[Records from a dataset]

⁂

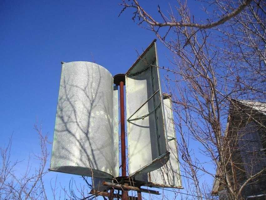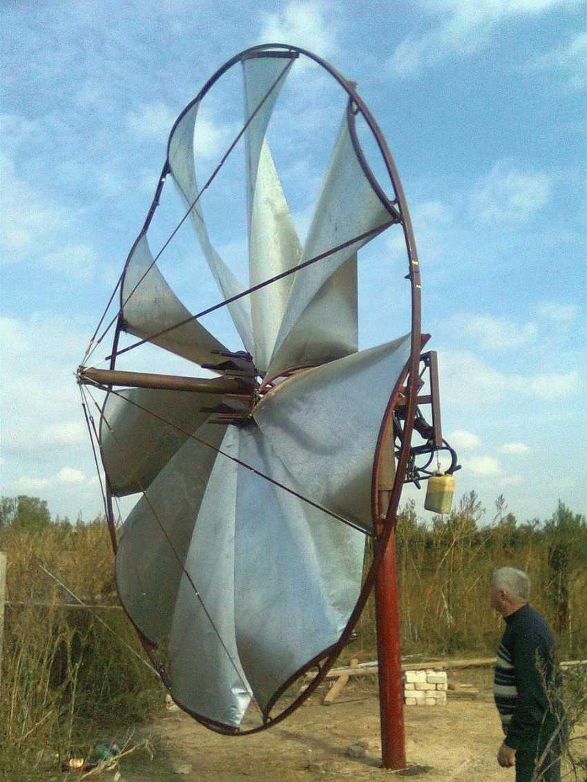 Вращающиеся части делаются на основе одной из систем, наиболее доступной для воссоздания своими руками. Лопасти изготавливаются из отрезков труб, распиленных пополам металлических бочек или согнутого определенным образом листового металла.
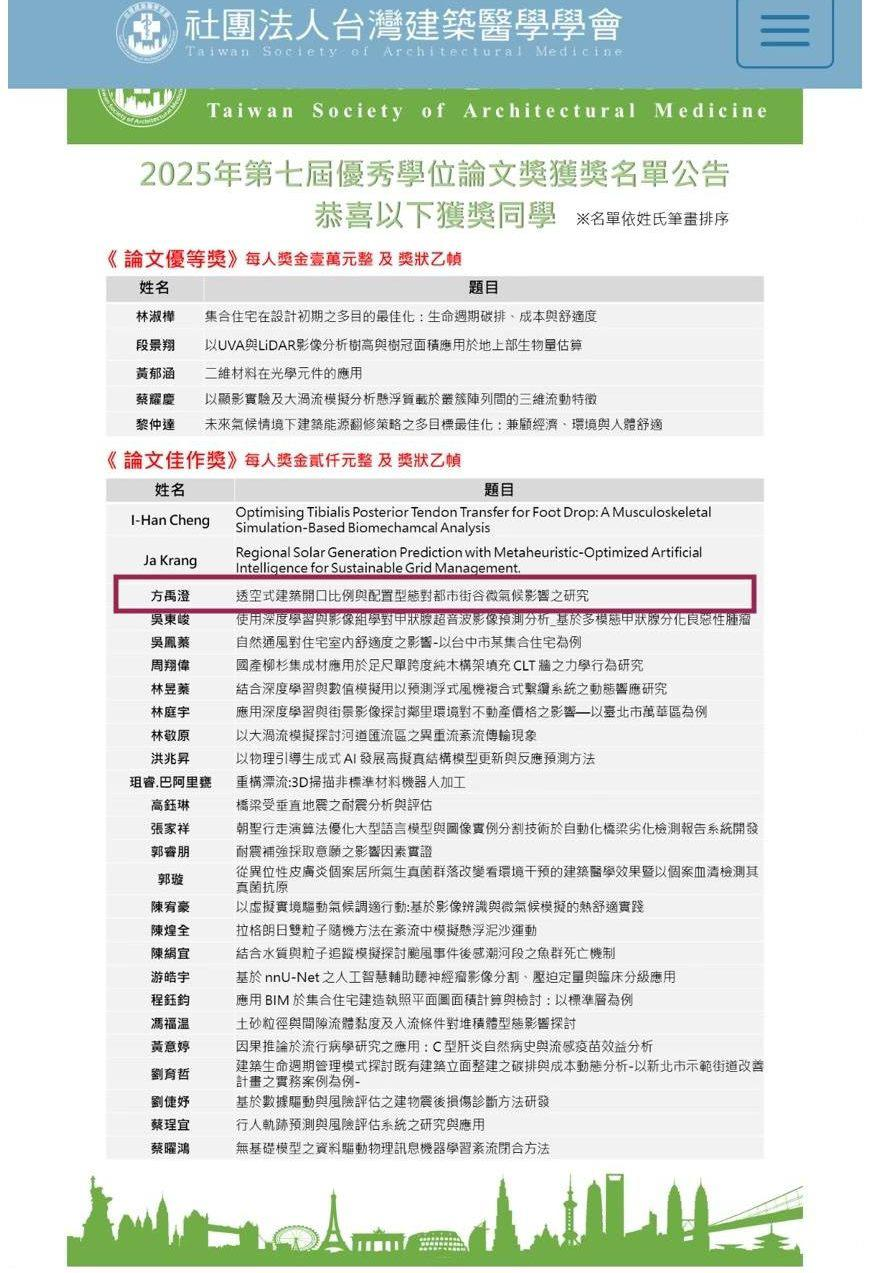 【2025年第七屆優秀學位論文獎-論文佳作獎】 本校建築系 方O澄 同學榮獲社團法人台灣建築醫學學會 📘得獎論文:〈透空式建築開口比例與配置型態對都市街谷微氣候影響之研究〉 👩🏫 指導教授:蘇瑛敏 教授
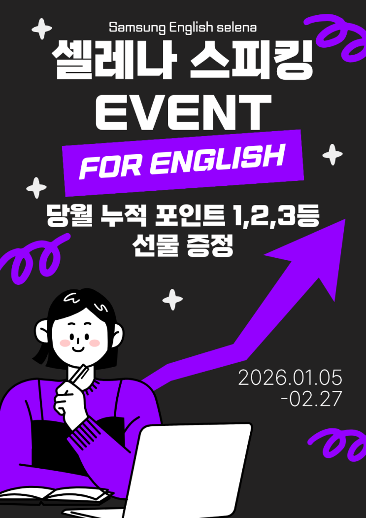 ️ 말하는 영어를 만드는 시간 셀레나 스피킹 EVENT 안내 영어 공부를 오래 했는데도 막상 말하려고 하면 입이 떨어지지 않는 아이들, 많이 보셨죠? 단어는 알고, 문법도 아는데 ‘말로 꺼내는 힘’은 또 다른 훈련이 필요합니다. 그래서 삼성영어 셀레나에서는 아이들이 영어를 입으로 쓰는 경험을 자연스럽게 쌓을 수 있도록 셀레나 스피킹 이벤트를 진행합니다. 셀레나 스피킹 EVENT란? 이번 이벤트는 단순한 게임이나 발표가 아닙니다. 아이들이 매일 수업 속에서 쌓아온 영어 표현을 직접 말해보고, 누적 점수로 성취감을 느끼는 구조입니다. 수업 중 스피킹 참여 배운 표현을 활용한 말하기 꾸준함이 점수로 누적되는 방....... <img src="https://blogthumb.pstatic.net/MjAyNjAxMDlfMTU0/MDAxNzY3OTM1NjUwMjEz.z_HNHOesRC6vPXhyViSZv47VUi753-acJnXKjJFuOP8g.GoIZL4322SX5QoUjweusYZ286y9EOf2NU1UEgzOTg00g.PNG/%C1%A6%B8%F1%C0%BB_%C0%D4%B7%C2%C7%D8%C1%D6%BC%BC%BF%E4._%2821%29.png?type=s3" />
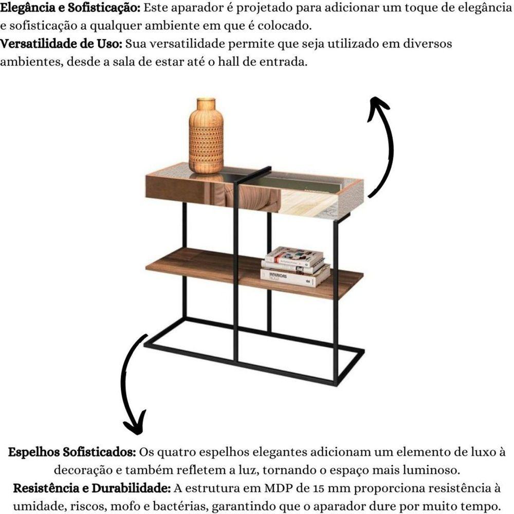 Kit Aparador Mesa Lateral Apoio E Centro Aurora DemoliçãoO Conjunto Aparador, Mesa Lateral, Mesa de Apoio e Centro Com Espelho Aurora é perfeito para você que deseja agregar mais requinte e elegância para o seu ambiente. Desenvolvido pra atender você que busca um conceito diferente no que se refere a design, sem abrir mão da qualidade. O Kit possui lindos espelhos, dois suportes aramados com espaço para seis garrafas e estrutura do produto em MDP de 15 mm que agrega mais resistência à umidade, riscos, mofo e bactéria, além de ser muito versátil pois pode ser utilizado em diversos ambientes. Os cinco produtos possuem também um acabamento visual que se assemelha aos desenhos de madeiras is, pés estruturais em metal antioxidantes com pintura eletroestática.Compre já o Jogo de Mesas e Aparador Estilo Industrial Aurora da Dream Home e ouse na sua utilização deixando a sua casa ainda mais linda!Dimensões do Aparador:Altura: 76 cm;Largura: 91 cm;Profundidade: 34 cm;Peso: 15 KG;Peso suportado: 5 kg por prateleira;Dimensões das Mesas (AxLxP):Apoio: 65x36x36 cmLateral: 59x30x24 cmCentro: 33x90x63 cmPeso: 3 Kg Lateral e apoioPeso: 10 Kg CentroPeso suportado: 7 kg CadaEspecificações do Produto:Estrutura: MDP/Metal;Acabamento: pintura eletroestática;Escala de brilho: Fosco;Quantidade de Prateleira: 1;Sistema de montagem: Parafusos;Manual de montagem: Sim;Montagem: Recomendamos que seja feita por um ;Garantia: 3 meses contra de fabricação;Instruções de Limpeza: Utilizar um pano limpo e levemente úmido;Você irá receber: 05 volumes;Observações Relevantes:- Ao receber a mercadoria, o cliente deve verificar as condições da embalagem, caso haja alguma não assine o e recuse no ato do ;- Produto para uso residencial em ambiente interno, não devendo ficar exposto diretamente ao sol, calor e umidades excessivas;- Pode haver alguma diferença de tonalidade entre a imagem e o produto real, por conta do tratamento de imagens e a calibração de cores do seu monitor;- As imagens são meramente ilustrativas, não acompanham objetos de decoração e eletros;- Confira as dimensões do produto no momento da compra e certifique-se de que passará normalmente por escadas, elevadores, portas e corredores;- Montagem, desmontagem e outras instalações serão de responsabilidade do cliente. Não nos responsabilizamos, no ato da , por subir escadas/elevadores ou pelo por guincho em apartamentos. Eventuais despesas são de responsabilidade do comprador;- A do produto é realizada em todo território , até onde as rodovias alcançam, s fluviais ou aéreas devem ser cotadas a parte;- Observando as orientações acima, evita-se futuros desagrados ou imprevistos com a do produto. Havendo despesas adicionais, serão de responsabilidade do cliente;MóveisDecoraçãoSala de estarDesign de interioresCasaEstilo industrialSofisticaçãoElegânciaDesign diferenciadoRequinteEspaço de convivênciaEstilo únicoGlamourFuncionalidadeDurabilidadeVersatilidadeAmbiente internoMadeira lMontagem Compatibilidade com escadas, elevadores e portas.
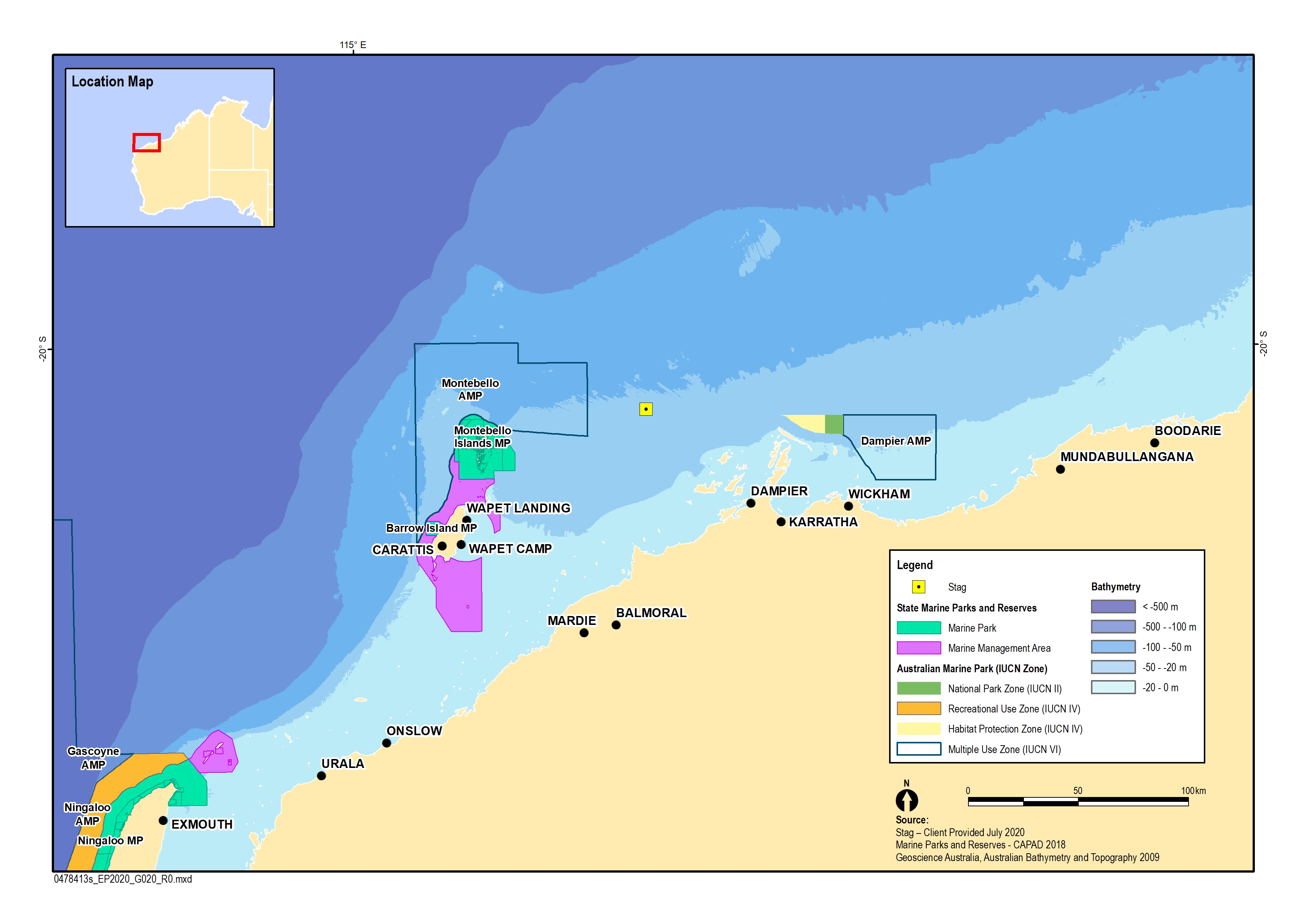 The Stag Facility is located in permit area WA-15-L and WA-6-PL approximately 60 kilometres (km) northwest of Dampier. Activities associated with the Facility include:
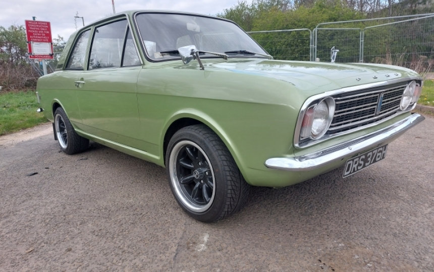 1967 Ford Cortina Mk2 2 Door with 1.6 Crossflow and Twin 40s fitted . This was an Import from Finland and its completely solid. Its been converted to right hand drive and we have the current Uk V5 here. The car has GT badges and dash but its just a standard model.

⁂

§ **Task description**:
Exactly reproduce each entry, but drop the pictures.

§ **Solution for this exercise**:
 Вращающиеся части делаются на основе одной из систем, наиболее доступной для воссоздания своими руками. Лопасти изготавливаются из отрезков труб, распиленных пополам металлических бочек или согнутого определенным образом листового металла.
 【2025年第七屆優秀學位論文獎-論文佳作獎】 本校建築系 方O澄 同學榮獲社團法人台灣建築醫學學會 📘得獎論文:〈透空式建築開口比例與配置型態對都市街谷微氣候影響之研究〉 👩🏫 指導教授:蘇瑛敏 教授
 ️ 말하는 영어를 만드는 시간 셀레나 스피킹 EVENT 안내 영어 공부를 오래 했는데도 막상 말하려고 하면 입이 떨어지지 않는 아이들, 많이 보셨죠? 단어는 알고, 문법도 아는데 ‘말로 꺼내는 힘’은 또 다른 훈련이 필요합니다. 그래서 삼성영어 셀레나에서는 아이들이 영어를 입으로 쓰는 경험을 자연스럽게 쌓을 수 있도록 셀레나 스피킹 이벤트를 진행합니다. 셀레나 스피킹 EVENT란? 이번 이벤트는 단순한 게임이나 발표가 아닙니다. 아이들이 매일 수업 속에서 쌓아온 영어 표현을 직접 말해보고, 누적 점수로 성취감을 느끼는 구조입니다. 수업 중 스피킹 참여 배운 표현을 활용한 말하기 꾸준함이 점수로 누적되는 방....... <img src="https://blogthumb.pstatic.net/MjAyNjAxMDlfMTU0/MDAxNzY3OTM1NjUwMjEz.z_HNHOesRC6vPXhyViSZv47VUi753-acJnXKjJFuOP8g.GoIZL4322SX5QoUjweusYZ286y9EOf2NU1UEgzOTg00g.PNG/%C1%A6%B8%F1%C0%BB_%C0%D4%B7%C2%C7%D8%C1%D6%BC%BC%BF%E4._%2821%29.png?type=s3" />
 Kit Aparador Mesa Lateral Apoio E Centro Aurora DemoliçãoO Conjunto Aparador, Mesa Lateral, Mesa de Apoio e Centro Com Espelho Aurora é perfeito para você que deseja agregar mais requinte e elegância para o seu ambiente. Desenvolvido pra atender você que busca um conceito diferente no que se refere a design, sem abrir mão da qualidade. O Kit possui lindos espelhos, dois suportes aramados com espaço para seis garrafas e estrutura do produto em MDP de 15 mm que agrega mais resistência à umidade, riscos, mofo e bactéria, além de ser muito versátil pois pode ser utilizado em diversos ambientes. Os cinco produtos possuem também um acabamento visual que se assemelha aos desenhos de madeiras is, pés estruturais em metal antioxidantes com pintura eletroestática.Compre já o Jogo de Mesas e Aparador Estilo Industrial Aurora da Dream Home e ouse na sua utilização deixando a sua casa ainda mais linda!Dimensões do Aparador:Altura: 76 cm;Largura: 91 cm;Profundidade: 34 cm;Peso: 15 KG;Peso suportado: 5 kg por prateleira;Dimensões das Mesas (AxLxP):Apoio: 65x36x36 cmLateral: 59x30x24 cmCentro: 33x90x63 cmPeso: 3 Kg Lateral e apoioPeso: 10 Kg CentroPeso suportado: 7 kg CadaEspecificações do Produto:Estrutura: MDP/Metal;Acabamento: pintura eletroestática;Escala de brilho: Fosco;Quantidade de Prateleira: 1;Sistema de montagem: Parafusos;Manual de montagem: Sim;Montagem: Recomendamos que seja feita por um ;Garantia: 3 meses contra de fabricação;Instruções de Limpeza: Utilizar um pano limpo e levemente úmido;Você irá receber: 05 volumes;Observações Relevantes:- Ao receber a mercadoria, o cliente deve verificar as condições da embalagem, caso haja alguma não assine o e recuse no ato do ;- Produto para uso residencial em ambiente interno, não devendo ficar exposto diretamente ao sol, calor e umidades excessivas;- Pode haver alguma diferença de tonalidade entre a imagem e o produto real, por conta do tratamento de imagens e a calibração de cores do seu monitor;- As imagens são meramente ilustrativas, não acompanham objetos de decoração e eletros;- Confira as dimensões do produto no momento da compra e certifique-se de que passará normalmente por escadas, elevadores, portas e corredores;- Montagem, desmontagem e outras instalações serão de responsabilidade do cliente. Não nos responsabilizamos, no ato da , por subir escadas/elevadores ou pelo por guincho em apartamentos. Eventuais despesas são de responsabilidade do comprador;- A do produto é realizada em todo território , até onde as rodovias alcançam, s fluviais ou aéreas devem ser cotadas a parte;- Observando as orientações acima, evita-se futuros desagrados ou imprevistos com a do produto. Havendo despesas adicionais, serão de responsabilidade do cliente;MóveisDecoraçãoSala de estarDesign de interioresCasaEstilo industrialSofisticaçãoElegânciaDesign diferenciadoRequinteEspaço de convivênciaEstilo únicoGlamourFuncionalidadeDurabilidadeVersatilidadeAmbiente internoMadeira lMontagem Compatibilidade com escadas, elevadores e portas.
 The Stag Facility is located in permit area WA-15-L and WA-6-PL approximately 60 kilometres (km) northwest of Dampier. Activities associated with the Facility include:
 1967 Ford Cortina Mk2 2 Door with 1.6 Crossflow and Twin 40s fitted . This was an Import from Finland and its completely solid. Its been converted to right hand drive and we have the current Uk V5 here. The car has GT badges and dash but its just a standard model.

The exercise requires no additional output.